Has there been a more existentially strange interlude in the history of any modern football club than the drama that could await Manchester City over the next three months?
This is a question that may concern only City’s fans for now. It will get lost in the more general weirdness of sporting life in the time of plague. But bear with it, because while the prospect of finishing the football season is a journey without maps for all concerned, what awaits City from here could be both glorious and a little disturbing.
First, though, it is necessary to wade through the wider layers of strangeness as Full Resumption looms over the coming week. There are many strands to this, from simple excitement at seeing football again to basic questions of staging.

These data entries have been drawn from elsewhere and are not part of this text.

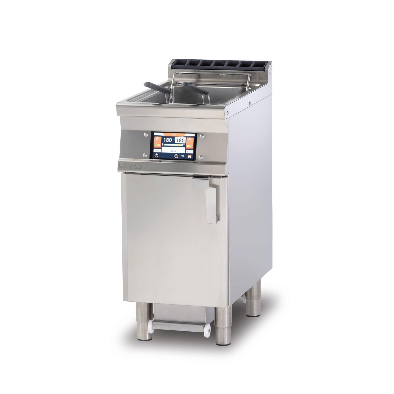Nowoczesna jednokomorowa frytkownica po pojemności 18 l sterowana poprzez 7-calowy panel dotykowy. Idealna do pracy w dużym natężeniu ruchu. Posiada funkcję przechowywania informacji z konkretnych trybów smażenia (do 100 różnych programów) umożliwiając ich powtarzanie, tak by otrzymywać zawsze tę samą oczekiwaną jakość. To wydajne urządzenie, które smaży 27 kg frytek na godzinę.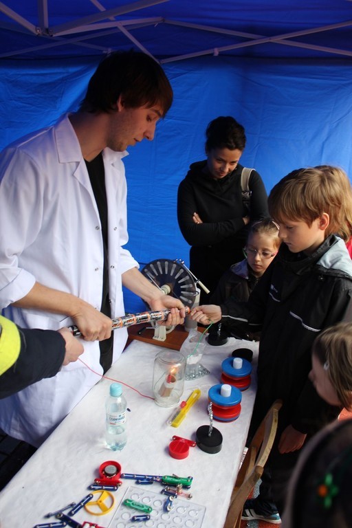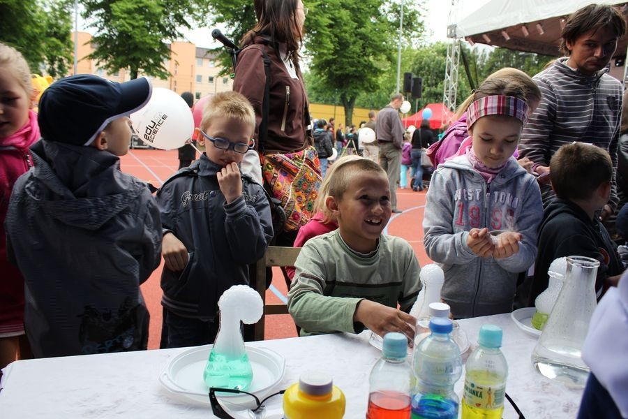 Sobotni (25 maja) Festiwal Nauki przyciągnął na boisko „Orlik" przy Pl. Piastowskim całe rodziny. W tematycznych namiotach uczestnicy pod okiem studentów mogli eksperymentować do woli. Na scenie co rusz odbywały się pokazy naukowe dla wszystkich o intrygujących tytułach: „Merlin i inni chemicy", „Powietrze, próżnia i ciśnienie" czy „Dynamiczny Newton".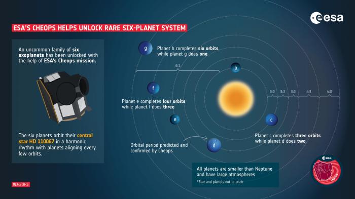 這次研究發現的一個由6顆系外行星組成的系統,這個家族中的行星都比海王星小,它們圍繞著HD110067跳著精確的“華爾茲”。(圖片來自歐洲空間局)。施普林格·自然 供圖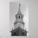 A photograph of the steeple of the Lutheran Church of the Holy Trinity in Lancaster, Pennsylvania. Constructed for one of the oldest Lutheran congregations in the country, this church is a fine example of a Georgian/Federal Church. The four statues of the Evangelists which decorate the steeple are particularly noteable features.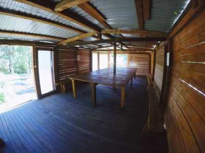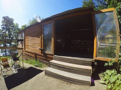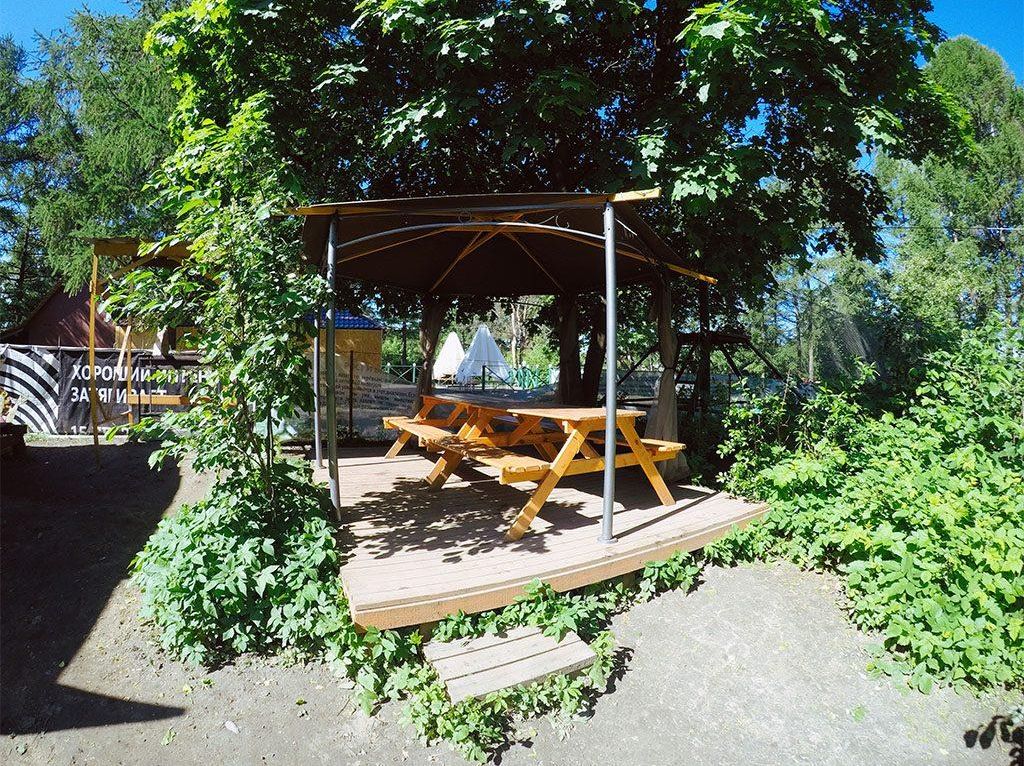 Беседка вместимостью до десяти человек, расположена недалеко от метро «Озерки». Есть столы, стулья, мангал, уголь и розжиг. К беседке подведено электричество, рядом парковка.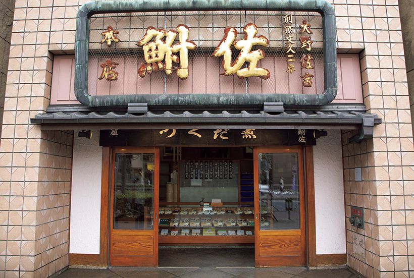 江戸前佃煮の元祖初代大野佐吉が釣りで時化に遭い、避難した佃島で漁師が作る雑魚の塩煮に感銘を受け、醬油を使った佃煮を考案したのが創業のきっかけ。「ヤマサ」の特選醬油を用いた秘伝のたれを使い、薪の火で魚介を一気に煮上げます。主人自らが釜の前に立ち、一子相伝の製法で160年以上、変わらぬ味を守り続けています。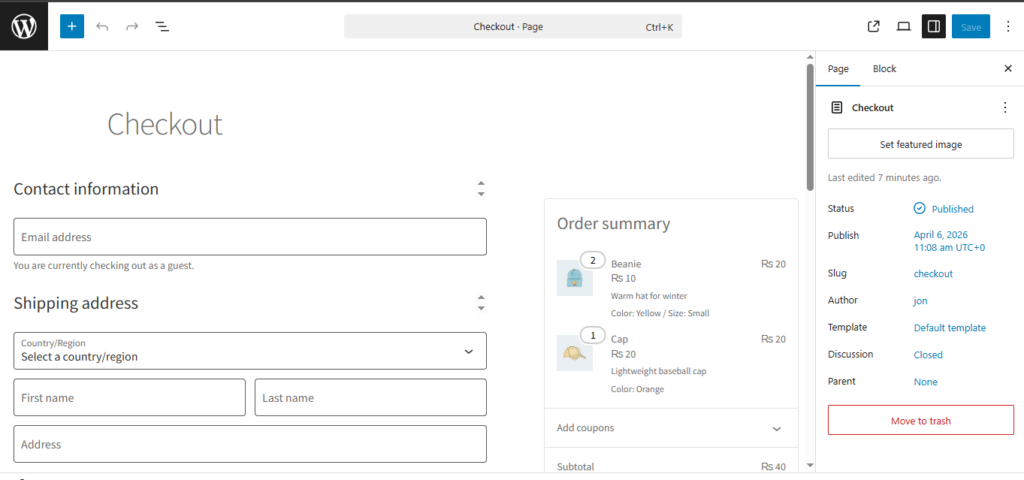 - You will see the entire checkout layout rendered as a single, smart WooCommerce block on your screen.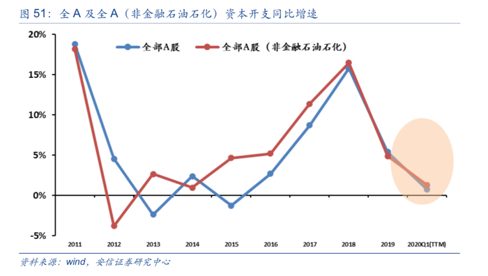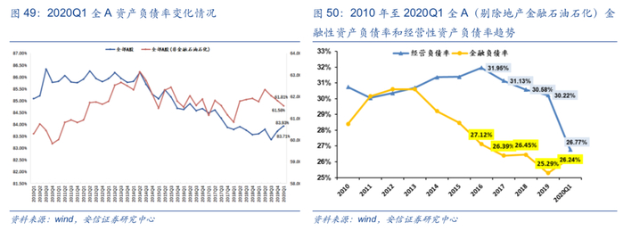 当前A股资产负债率仍处于下行趋势,主要是由于经营性负债率受疫情影响下降,金融性负债率因需要缓解短期资金流动性风险呈现上升趋势。早在此前外发的报告《一场关于资产负债率的使命担当与变革重塑》中,我们提出资产负债率将是未来1-3年影响A股基本面的核心因素。从目前来看,A股大多数企业资产负债率仍在下滑,2020Q1全A(非金融石油石化)资产负债率进一步下滑至61.58%,整体上资产负债表仍处于缩表状态。从结构上看,受疫情影响,全A(非地产金融石油石化)经营负债率已经在2020Q1明显下滑至26.77%,说明商业信用大幅萎缩。与其同时,金融负债则出现一定回升,说明很多企业在疫情背景下需要借助信用融资来缓解短期资金流动性风险,而非扩大生产。一个侧面印证是从全A资本开支情况持续恶化。具体而言,全A(非金融石油石化)2019年资本开支增速为4.88%,环比2018年增速16.47%下滑11.60pct。而2020Q1随着疫情的发展,资本开支增速为1.31%,环比出现进一步下滑。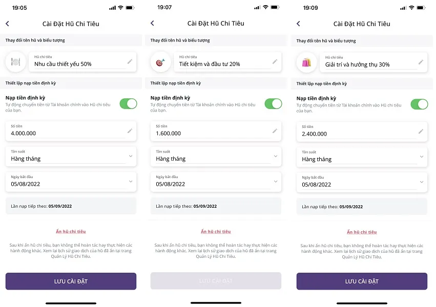 Hũ Chi Tiêu cho phép bạn tạo ra các “tài khoản phụ” ảo ngay trong tài khoản chính. Mỗi Hũ có thể đại diện cho một mục tiêu chi tiêu cụ thể. Bạn có thể đặt tên, icon và mục tiêu cho từng Hũ.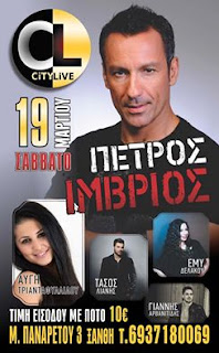 *Συνεχίζω με την αποψινή εμφάνιση του Πέτρου Ίμβριου στο «CITY Live» στο πλευρό του οποίου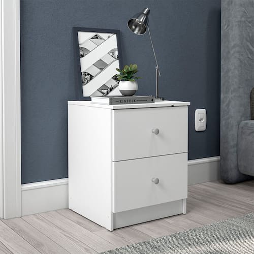 Características: Estrutura MDP Pintura UV Fosca 02 Gavetas com corrediças metálicas Puxadores em Plástico Peso suportado por Gaveta: 5kg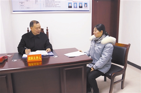 图为2022年1月5日上午,在保康法院诉前调解工作室,张仕志(左)在主持调解一件民间借贷纠纷案时向申请方了解案件基本情况。王韵婕 摄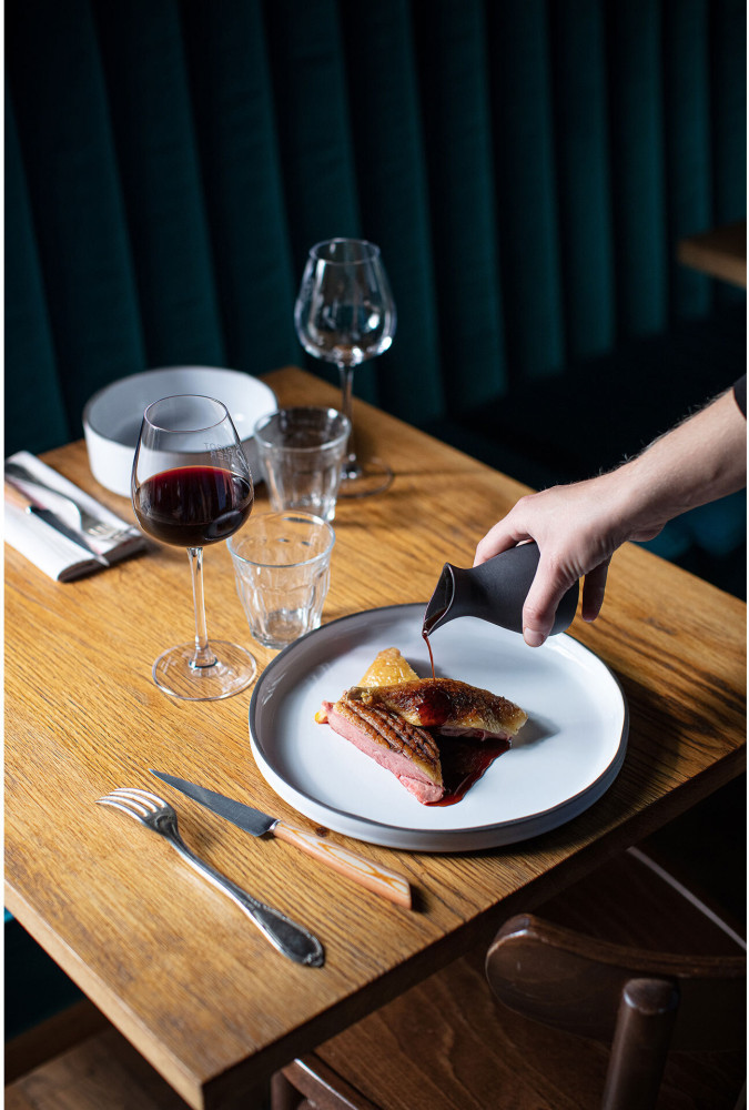 Porcelana CARACTERE stworzona ze specjalnie wyselekcjonowanej czarnej gliny, szkliwionej w jednej z siedmiu barw, ręcznie wykończonej tak aby uzyskać unikalnie kształtowany dla każdego egzemplarza - czarny rant. Elementy porcelany dostępne są w siedmiu kolorach inspirowanych przyprawami, mogą być dowolnie zestawiane utrzymując spójną tonację. Ponadto nadają się do sztaplowania, zaś płaskie dna gwarantują utrzymanie temperatury potraw.

To take a small example: one aspect of the Premier League’s return is the willingness to dress the spectacle up, with talk of piping in crowd noise to cover the awkward silences.
This is definitely a good idea. It’s true that coverage of the Bundesliga is still accompanied by no more than muffled German shrieking from coaches and managers – and that this has turned out to be a comforting and agreeable soundtrack. But these qualities are unlikely to translate well to English football.
This is in part a function of German itself, a language that in muffled shrieking form tends to lose its meaning, to become shapeless white noise.
I speak decent German, and even have a family grounding in elderly German bellowing. But muffled German football shrieking still sounds like a thrillingly formless thing, perhaps even some kind of pointed commentary on the absurdity of the basic spectacle itself.
Either way this represents a significant turnaround for muffled German shrieking generally, which might in the past have been associated with less positive things, like spending five years hiding in a grain cellar in Klagenfurt, or being bayoneted out of a haystack in northern France.
Instead it has become so essential to the football experience that English clubs could consider piping it into their own stadiums to create a more authentic atmosphere.
But then let’s face it, there isn’t much that is authentic around here. Everyone will try their best. The talent of the players and the loyalty of supporters is not in doubt. But this is still likely to be a strange experience, a hastily trimmed sport-style product cranked out to pay the bills, with everyone concerned keeping their eyes on the finish line.
There was a hint of genuine sporting intrigue in the suggestion this week that the Champions League may become an eight-team mini-tournament ending in August. But even this points to wider contortions. In particular it brings us back to City, whose season has the potential from here to become a genuinely strange three-month interlude.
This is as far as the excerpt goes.